DATA FOR THE TASK section start

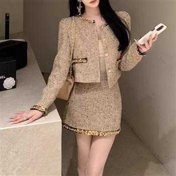 YF6701-图片色小香风粗毛呢高腰A字亮片金边设计防走光高级感半身裙
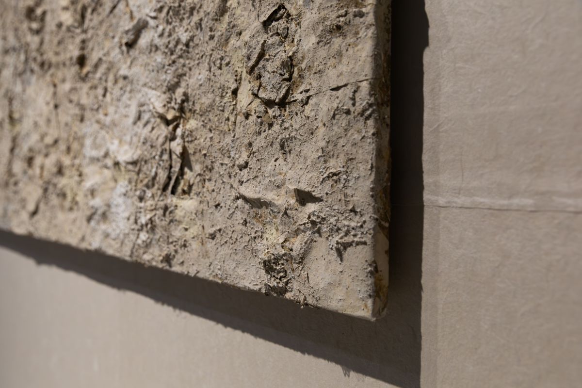 現代において失われてしまった闇を、ハタノさんは自分以外の何かを感じさせるものと位置づけている。闇のない世界では、人はすべてを理解し、コントールできるものとして捉えがちだ。闇のなかには常にぼんやりと「他者」がいて、畏れの対象であるとともに見守ってくれる存在でもある。壁面の『積み重なったもの』も、闇と光が一対でディスプレイされている。
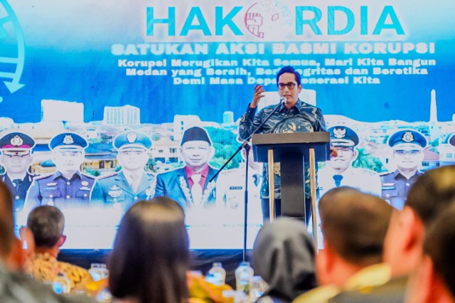 Hal itu disampaikan Rico saat Peringatan Hari Anti Korupsi Sedunia Kota Medan yang dirangkai dengan Gelar Pengawasan Daerah (Wasda) Tahun 2025 di Hotel Aryaduta Medan, Kamis (18/12/2025).
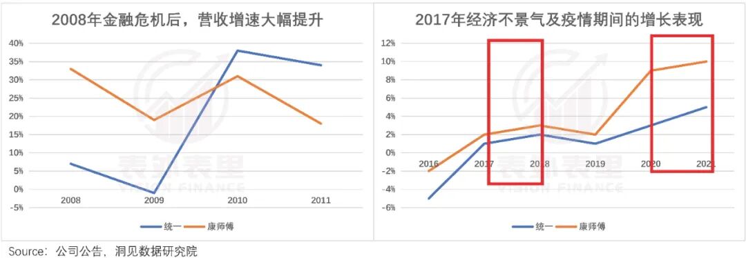 但上述康师傅们的经历透露,经济度下行周期本身不可持续。而经济形势好转时,可以看到,统一和康师傅的营收增速持续放缓,甚至出现负增长。
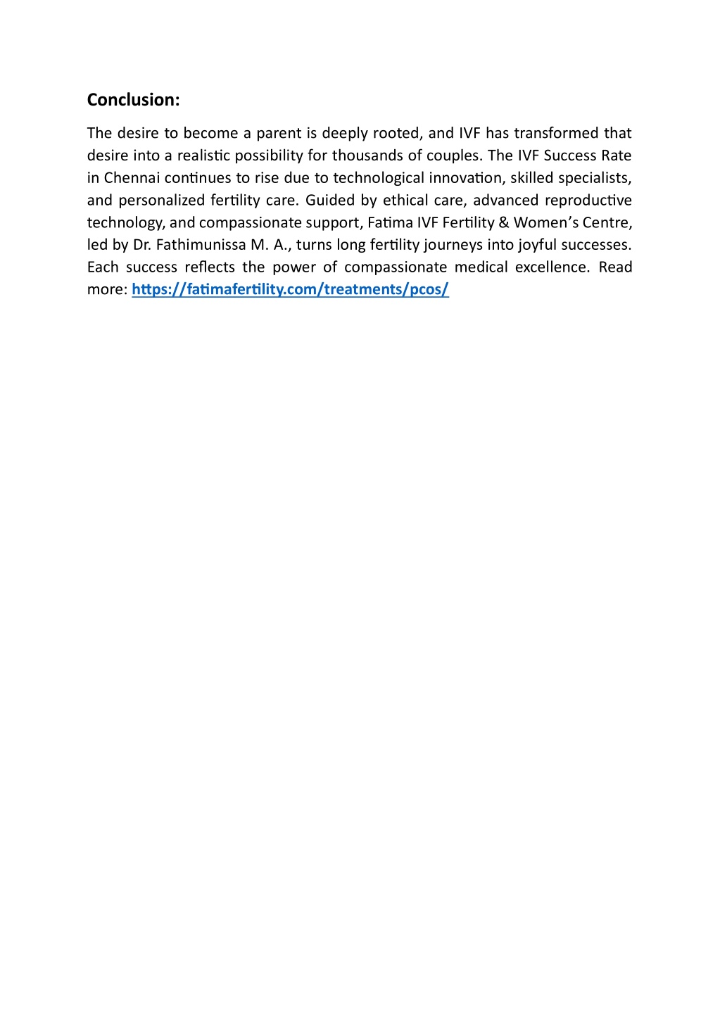 Conclusion: The desire to become a parent is deeply rooted, and IVF has transformed that desire into a realistic possibility for thousands of couples. The IVF Success Rate in Chennai continues to rise due to technological innovation, skilled specialists, and personalized fertility care. Guided by ethical care, advanced reproductive technology, and compassionate support, Fatima IVF Fertility & Women’s Centre, led by Dr. Fathimunissa M. A., turns long fertility journeys into joyful successes. Each success reflects the power of compassionate medical excellence. Read more: https://fatimafertility.com/treatments/pcos/

DATA FOR THE TASK section end

### WORK ORDER
Above are the records; copy exactly the lines from the one with "Hal itu disampaikan" through the one with "但上述康师傅们的经历透露,经", including both, and nothing more. Leave out pictures.

### TASK RESULT
 Hal itu disampaikan Rico saat Peringatan Hari Anti Korupsi Sedunia Kota Medan yang dirangkai dengan Gelar Pengawasan Daerah (Wasda) Tahun 2025 di Hotel Aryaduta Medan, Kamis (18/12/2025).
 但上述康师傅们的经历透露,经济度下行周期本身不可持续。而经济形势好转时,可以看到,统一和康师傅的营收增速持续放缓,甚至出现负增长。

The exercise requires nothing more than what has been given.